Variance Threshold: Select the smallest number of components that explain a desired proportion of variance, such as 90% or 95%.
Elbow Method: Choose the elbow point on the cumulative variance curve, balancing compactness and representational accuracy.

In this dataset, the first 10 components account for roughly 75% of the variance, while about 50 components are required to capture nearly all variance.

11.1.4.3 PCA in Dimension Reduction

PCA can also be used to visualize high-dimensional data in a lower- dimensional space. Here we project the digit data onto the first two and first three principal components to observe how well PCA captures the underlying structure and whether the digits form distinct clusters in reduced dimensions.

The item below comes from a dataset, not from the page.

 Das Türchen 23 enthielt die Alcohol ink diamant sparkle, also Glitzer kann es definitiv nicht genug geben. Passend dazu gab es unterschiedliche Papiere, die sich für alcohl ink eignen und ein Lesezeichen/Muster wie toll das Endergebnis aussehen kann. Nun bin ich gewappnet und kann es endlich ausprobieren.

from mpl_toolkits.mplot3d import Axes3D
from sklearn.decomposition import PCA
import matplotlib.pyplot as plt

# Apply PCA for 2D and 3D projections
pca_2d = PCA(n_components=2)
X_pca_2d = pca_2d.fit_transform(X)

pca_3d = PCA(n_components=3)
X_pca_3d = pca_3d.fit_transform(X)

# 2D projection
plt.figure(figsize=(8, 6))
scatter = plt.scatter(X_pca_2d[:, 0], X_pca_2d[:, 1], c=y, cmap="tab10",
                      s=15, alpha=0.7)
plt.xlabel("Principal Component 1")
plt.ylabel("Principal Component 2")
plt.title("2D PCA Projection of Digit Data")
plt.colorbar(scatter, label="Digit Label")
plt.show()

# 3D projection
fig = plt.figure(figsize=(10, 7))
ax = fig.add_subplot(111, projection="3d")
scatter = ax.scatter(X_pca_3d[:, 0], X_pca_3d[:, 1], X_pca_3d[:, 2],
                     c=y, cmap="tab10", s=15, alpha=0.7)
ax.set_xlabel("PC 1")
ax.set_ylabel("PC 2")
ax.set_zlabel("PC 3")
ax.set_title("3D PCA Projection of Digit Data")
fig.colorbar(scatter, ax=ax, label="Digit Label")
plt.show()

(a) 2D and 3D PCA projections of the 8×8 digit data, showing clustering by digit class.

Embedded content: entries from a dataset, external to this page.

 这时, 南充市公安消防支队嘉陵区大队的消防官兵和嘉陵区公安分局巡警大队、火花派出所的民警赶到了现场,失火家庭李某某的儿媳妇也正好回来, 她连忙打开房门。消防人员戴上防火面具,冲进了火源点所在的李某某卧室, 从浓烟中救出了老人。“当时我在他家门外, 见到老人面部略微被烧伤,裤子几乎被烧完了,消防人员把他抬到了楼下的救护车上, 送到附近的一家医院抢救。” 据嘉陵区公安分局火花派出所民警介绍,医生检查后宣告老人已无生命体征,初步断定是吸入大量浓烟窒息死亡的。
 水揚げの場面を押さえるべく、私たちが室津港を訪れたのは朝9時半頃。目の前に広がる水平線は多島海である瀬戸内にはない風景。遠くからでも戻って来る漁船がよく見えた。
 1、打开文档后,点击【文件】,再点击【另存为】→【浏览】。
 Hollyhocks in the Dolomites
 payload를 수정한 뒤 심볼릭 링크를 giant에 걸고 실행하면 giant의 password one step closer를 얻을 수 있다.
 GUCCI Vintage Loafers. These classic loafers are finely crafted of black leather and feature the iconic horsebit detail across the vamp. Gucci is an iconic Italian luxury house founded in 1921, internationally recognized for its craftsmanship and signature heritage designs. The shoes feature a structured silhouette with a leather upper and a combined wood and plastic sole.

The 3D projection in Figure 11.3 shows each image’s position in the space defined by the first three principal components. Several observations emerge:

Cluster Formation: Distinct clusters of points represent different digits. Digits with similar shapes, such as “1” and “7” (both often vertical), may appear closer to each other in this reduced space. This clustering suggests that PCA effectively captures structural features, even when reducing dimensions.
Effectiveness of Dimensionality Reduction: Despite reducing from 64 dimensions to only three, PCA retains essential variance, allowing for distinction between different digits. This demonstrates PCA’s utility in data compression, providing a simplified representation without losing significant information.
Exploring Further Dimensions: Additional components could capture more variance, if required. However, the first three components often capture most of the meaningful variance, balancing dimensionality reduction with information retention.

This PCA projection shows that the digit data has underlying patterns well-represented by the first few components. These findings highlight PCA’s usefulness in compressing high-dimensional data while preserving its structure, making it a valuable tool for visualization, noise reduction, and as a pre-processing step in machine learning tasks.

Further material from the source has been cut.